As a property manager, Barry Lewis used to use EBM RentCover before he joined the firm as a Business

Relationship Executive in New South Wales nine years ago. “I used to promote it to my landlords. It’s more

comprehensive cover than any other around and it’s not just a policy, it’s a whole division of EBM,” he says.

“It’s good knowing you’re selling something worthwhile and having an ongoing relationship with clients. I’m 100% behind RentCover which makes it easy to sell and talk about,” he says. Barry joined EBM Insurance Brokers keen to capitalise on his property management experience without the stress of being

the “ham in the sandwich” tasked with satisfying almost 1,300 tenants and owners associated with his 450-strong rent roll.

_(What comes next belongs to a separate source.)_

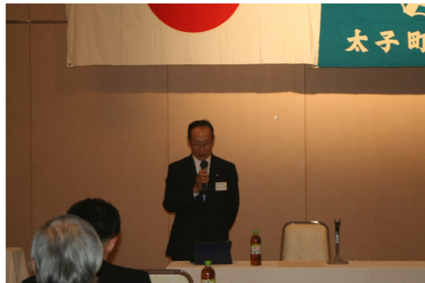
第65期(第64回)太子町商工会通常総代会

He enjoys the autonomy of the EBM role. While he’s often on the road, there’s support from the office and constant contact with clients: “It’s very social even though I’m working by myself. It’s the best of both worlds.” Barry is about to extend his third relationship with EBM RentCover - as a customer; he is building a granny flat to rent out on his corner-block home on the Central Coast. He already buys EBM RentCover on behalf of his mother, whose home is being rented out as she is in a nursing home.

Outside work, Barry enjoys spending time with his adult children and a wide circle of friends.

Barry’s passion for music - and ability to play both guitar and piano - means some gatherings become rock music jam sessions.

He’s also part of a high-performing pub trivia night team: “I cover music and entertainment, another person does sport, someone else is well-travelled – and we all read the newspapers. We save up our winnings until we have seven or eight hundred dollars and go for a splash-out meal.”